Source: ggml
Section: libs
Priority: optional
Maintainer: Mathieu Baudier <mbaudier@argeo.org>
Standards-Version: 4.7.2
Vcs-Browser: https://git.djapps.eu/?p=pkg/ggml/sources/ggml;a=summary
Vcs-Git: https://git.djapps.eu/pkg/ggml/sources/ggml
Homepage: https://github.com/ggml-org/ggml
Build-Depends: cmake,
               debhelper-compat (= 13),
               pkgconf,
               libvulkan-dev            [amd64] <!pkg.ggml.novulkan>,
               glslc                    [amd64] <!pkg.ggml.novulkan>,
               nvidia-cuda-toolkit-gcc  [amd64] <!pkg.ggml.nocuda>,
Rules-Requires-Root: no

Package: libggml-base0
Architecture: any
Multi-Arch: same
Depends: ${misc:Depends},
         ${shlibs:Depends}
Description: Tensor library for machine learning (base)
 The ggml base library provides the backend-independent API
 upon which specialized libraries or applications can be built.

Package: libggml0
Architecture: any
Multi-Arch: same
Depends: libggml-base0 (= ${binary:Version}),
         ${misc:Depends},
         ${shlibs:Depends},
Description: Tensor library for machine learning (loader)
 The ggml library is a thin high-level layer mostly
 responsible for loading the various ggml backends,
 and connect them to the API provided by the ggml base library.

Package: libggml-dev
Section: libdevel
Architecture: any
Multi-Arch: same
Depends: libggml0 (= ${binary:Version}),
         libggml-base0 (= ${binary:Version}),
         ${misc:Depends},
Description: Tensor library for machine learning (development files)
 This developments package provides the files required to build
 software based on ggml.

Package: libggml-backend-cpu
Architecture: any
Multi-Arch: same
Depends: libggml-base0 (= ${binary:Version}),
         ${misc:Depends},
         ${shlibs:Depends}
Description: Tensor library for machine learning (CPU backend)
 The ggml CPU backend provides computations based solely
 on plain CPU, without software or hardware acceleration.
 It is available as a set of dynamically loaded libraries optimized
 for various CPU families, depending on their specific capabilities.
 The ggml library will automatically select the most appropriate one,
 allowing one to run computations on older CPU while still benefiting from
 the capabilities of recent ones.

Package: libggml-backend-rpc
Architecture: any
Multi-Arch: same
Depends: libggml-base0 (= ${binary:Version}),
         ${misc:Depends},
         ${shlibs:Depends}
Description: Tensor library for machine learning (RPC backend)
 The ggml RPC backend allows one to distribute computations over
 the network on remote ggml backends.

Package: libggml-backend-vulkan
Architecture: amd64
Multi-Arch: same
Depends: libggml-base0 (= ${binary:Version}),
         ${misc:Depends},
         ${shlibs:Depends}
Build-Profiles: <!pkg.ggml.novulkan>
Description: Tensor library for machine learning (Vulkan backend)
 The ggml Vulkan backend provides hardware acceleration of the
 computations based on the Vulkan API. This is typically used
 to leverage GPU parallel computations capabilities.

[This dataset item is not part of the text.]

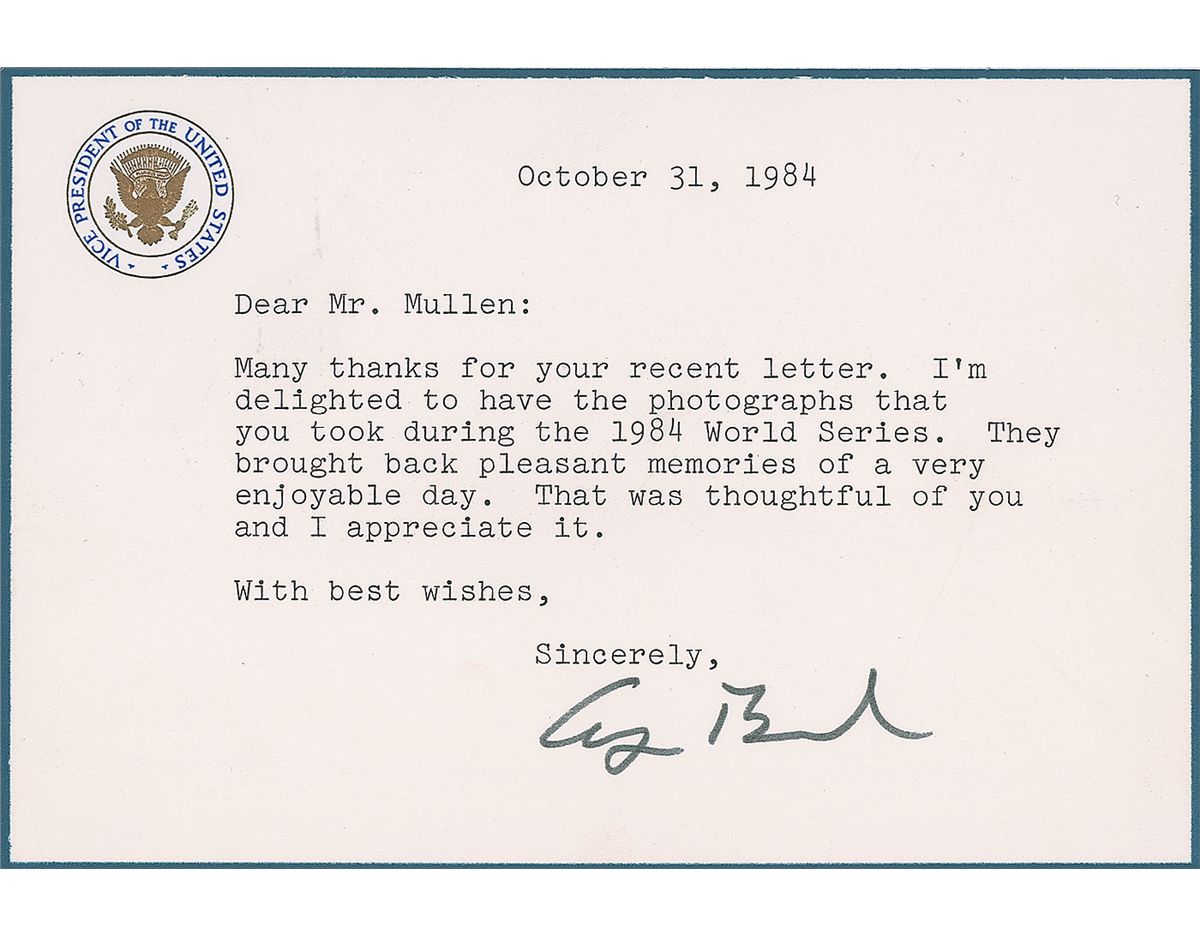 TLS as vice president, signed “George Bush,” on an embossed 6.25 x 4.25 vice presidential card, October 31, 1984, in full: “I’m delighted to have the photographs that you took during the 1984 World Series. They brought back pleasant memories of a very enjoyable day,” and a felt tip signature, “Barbara Bush,” on an off-white 5 x 3 card. In overall fine condition. Accompanied by two of the photos taken at the World Series and the original mailing envelope. Bush—a lifelong baseball lover—threw out the ceremonial first pitch to start the series, which saw the Detroit Tigers triumph over the San Diego Padres in five games.
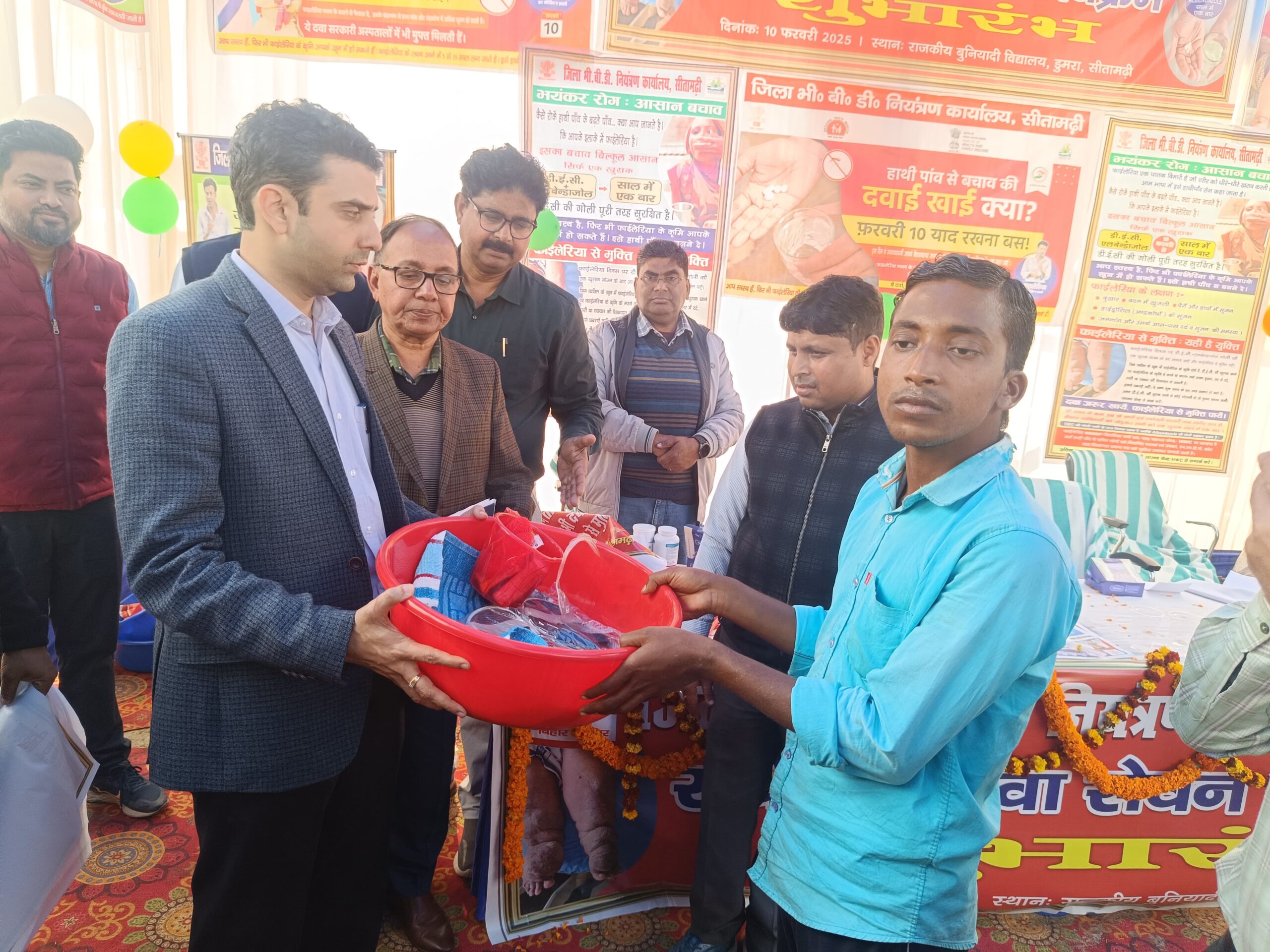 कार्यक्रम के समापन के समय जिला पदाधिकारी श्री रिची पांडेय ने फाइलेरिया से ग्रसित मरीजों को एम एम डी पी कीट (Mass Drug Administration Package) वितरित किए। इस कीट में वह सभी आवश्यक दवाइयां और सामग्री शामिल हैं, जो फाइलेरिया के इलाज में सहायक होती हैं।

Package: libggml-backend-cuda
Architecture: amd64
Multi-Arch: same
Depends: libggml-base0 (= ${binary:Version}),
         ${misc:Depends},
         ${shlibs:Depends}
Build-Profiles: <!pkg.ggml.nocuda>
Description: Tensor library for machine learning (CUDA backend)
 The ggml CUDA backend provides hardware acceleration of the
 computations based on the CUDA API. This is typically used
 to leverage Nvidia GPU parallel computations capabilities.